# Starting a 55gal--fish load question



## Draginduster (Jun 27, 2008)

So I had to set aside my 180gal high tech for lack of solidarity in my living situation. So I have decided to set a NPT with my existing 55gal. Currently full of plastic plant (I know, take it easy). My question for now is what kind of fish load would a El Natural handle? I currently have 4 Angels @ 5" in length, 1 Melanotaenia lacustris (Turquoise Rainbow) @3", 1 Bala Shark @ 6", 12 Red Eye Tetras @1" and 2 Golden Algae eaters @ 3". I assume that this is way to heavy for an El Natural 55gal. What would be safe for this tank, even if I had to change fish?

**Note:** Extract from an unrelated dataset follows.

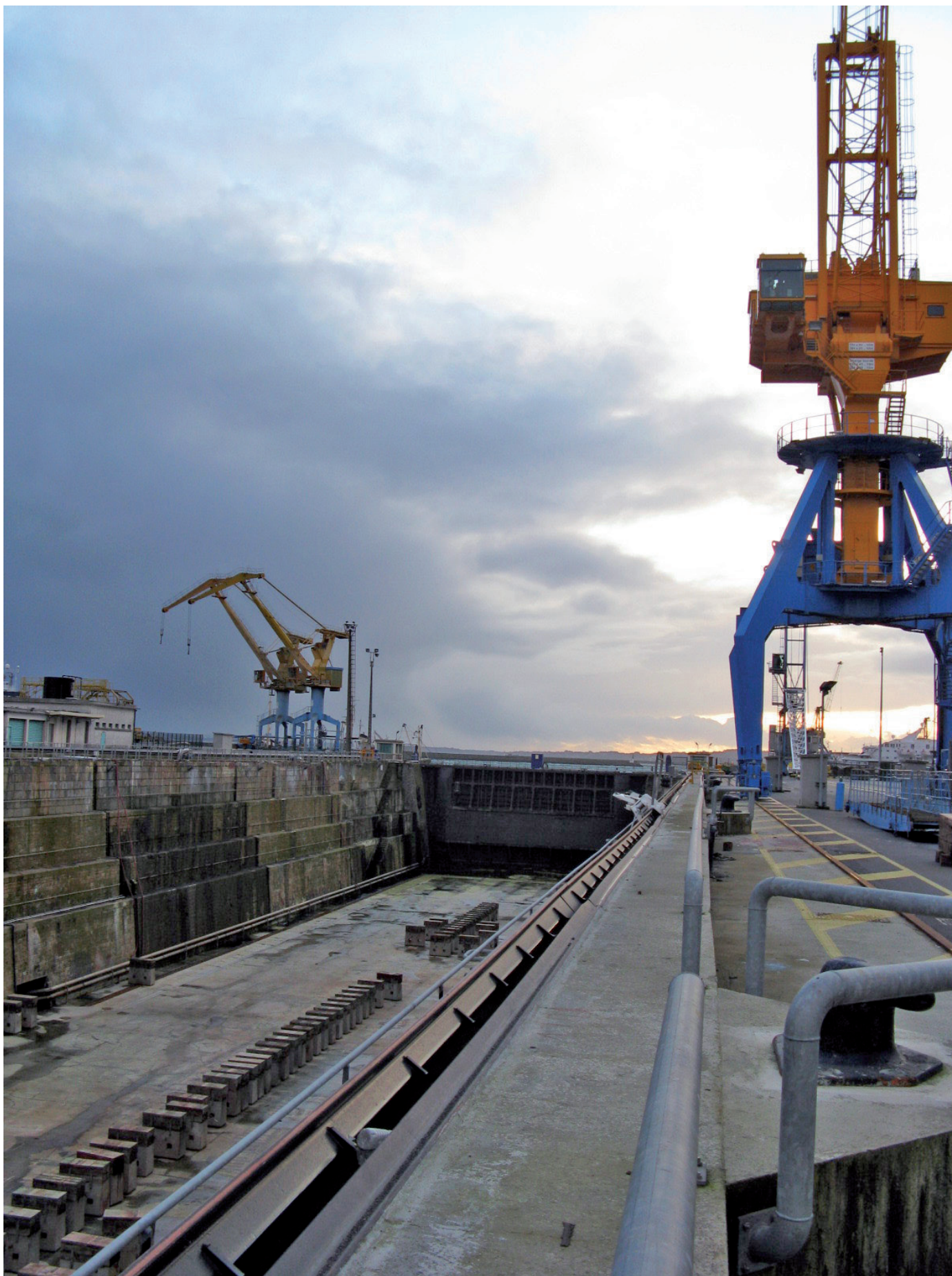
► Ar poull-sec'h evit degemer ar bigi da vezañ dreset.

I forgot to mention, this is the light I was looking at to attack to the underside of my canopy---- http://www.aquacave.com/48-two-lamp-t5-retro-kitbr-by-coralvue-1146.html
It this too much light?


----------



## colinsk (Dec 29, 2008)

The light looks great but I would not choose either of the bulbs. Think around 4000K to 6000K and about 100 watts total.


----------



## Erin C. (May 12, 2005)

I personally have had bad luck with angels. But everything else should do fine in a NPT. I helped a friend set up a 150g NPT about a year ago and he has kept 3 balas that are now 6 inches long with platies, mollys, neons and other various tropical fish with no problems what so ever. Believe me his tank is way over populated with the live bearers but his plant load is high. Not to mention his tank would be considered very low light and everything does well with the little bit of sunlight it gets and the two florescent bulbs he has on it. I think you will be ok. Just make sure you acclimate them well, I perfer the drip method and have great success with it.


----------



## Draginduster (Jun 27, 2008)

Yeah, the bulbs suck and I would for sure be getting different ones. I had planned on a heavy plant load also and a fairly large variation. Ya know, mixing it all in for my first tank just to see what grows and what it looks like when it grows. I do understand growth will be slow and improved with the high tech method, but that is for another tank. I guess I just wanted to know if my current amount of fish would be to great for a 55gal El Natural. I can down size if needed. I have to keep the Bala though for I think I would be single again if I got rid of "Randy". Yes, that is what my girlfriend named the Bala. I just ordered Diana Walstad book via Amazon so as soon as it shows up, I will begin the transformation.


----------



## dwalstad (Apr 14, 2006)

Draginduster said:


> I guess I just wanted to know if my current amount of fish would be to great for a 55gal El Natural. I can down size if needed. QUOTE]
> 
> I think you'll be okay with the fish load you've described. I would definitely go with strong lighting, because you'll want to pack this tank with all kinds of plants to handle the fish load.
> 
> ...


----------



## Draginduster (Jun 27, 2008)

I've heard nothing but good things about your book and the tanks that used your steps. You've done the hard work, now I get to put it to use. Thank you.


----------



## flagg (Nov 29, 2004)

I like your fish selection, except for two things. You rainbow fish are schooling fish and you shouldn't keep less than six in a tank together. I would get six of them and get rid of the bala shark. Bala sharks are one of those fish that shouldn't be kept by anybody except those with 6'+ long tanks. At a max length of 14 - 16 inches, your shark will eventually get so big that it won't be able to turn around in the tank. It's really one of those fish that should just be left alone in the wild.

-ricardo


----------



## vancat (Nov 5, 2004)

ditto on the bala.


----------



## dwalstad (Apr 14, 2006)

flagg said:


> I like your fish selection, except for two things. You rainbow fish are schooling fish and you shouldn't keep less than six in a tank together. I would get six of them and get rid of the bala shark. Bala sharks are one of those fish that shouldn't be kept by anybody except those with 6'+ long tanks. At a max length of 14 - 16 inches, your shark will eventually get so big that it won't be able to turn around in the tank. It's really one of those fish that should just be left alone in the wild.
> 
> -ricardo


Good point.

One should buy fish that fit the tank-- as adults.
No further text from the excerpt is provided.